= Component-integrated ACE ORB =

The Component-Integrated ACE ORB (CIAO) is a CORBA component model (CCM) implementation built on top of TAO.

CIAO is currently aiming to provide component-oriented paradigm to the distributed, real-time, embedded (DRE) system developers by abstracting DRE-critical systemic aspects, such as quality of service requirements, RT policies, as installable/configurable units supported by the component framework. Promoting these DRE-critical aspects as first-class metadata disentangles code for controlling these non-function aspects from application logic and makes DRE system development more flexible. Since mechanisms to support various DRE-critical non-functional aspects can be easily verified, CIAO will also make configuring and managing these aspects easier.

CIAO also provides an implementation of the AMI4CCM standard which provides the ability to perform asynchronous operations using a callback model. AMI4CCM is a separate OMG standard.

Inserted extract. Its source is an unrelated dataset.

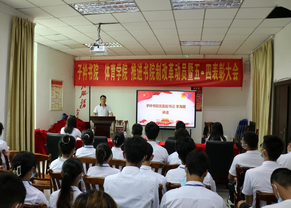 在全省第八次党代会胜利闭幕、共产主义青年团成立100周年、迎接党的二十大胜利召开之际,在公司全面推进书院制改革、学分制改革和协同创新中心改革之时,为增进员工对书院制改革政策及推进情况的认识,激励广大青年学子继承和发扬五·四精神、开拓创新、担当作为,5月11日上午,子衿书院 bevictor伟德官网推进书院制改革动员暨五·四表彰大会于联谊馆党员之家举行。体育公司党总支书记陈卫东、子衿书公司党委副书记李海朋(主持党委工作)、体育公司团总支书记许达潭、辅导员谢淑婷、兼职辅导员吴梦迪出席大会,各班班委、团学主要干部及员工代表参与大会,本次大会由辅导员谢淑婷主持。
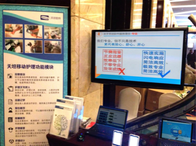 展會期間我公司接待了觀展及參展人員數(shù)百人,眾多人員關切詢問我公司產(chǎn)品,本次展會我公司展出了天坦移動護理系統(tǒng),天坦移動查房系統(tǒng),及醫(yī)療大數(shù)據(jù)分析平臺,通過現(xiàn)場演示受到了眾多專業(yè)人士和媒體的高度關注,尤其是天坦移動護理系統(tǒng)吸引了眾多觀眾的眼球。

CIAO also provides an implementation of the DDS4CCM standard which integrates DDS as publish-subscribe middleware into the component model. The CIAO DDS4CCM implementation supports RTI Connext DDS and OpenDDS as underlying DDS implementations.

AXCIOMA is the open source successor for CIAO. By making benefit of the IDL to C++11 language mapping AXCIOMA is much easier to use as compared to CIAO. AXCIOMA implements also AMI4CCM and DDS4CCM.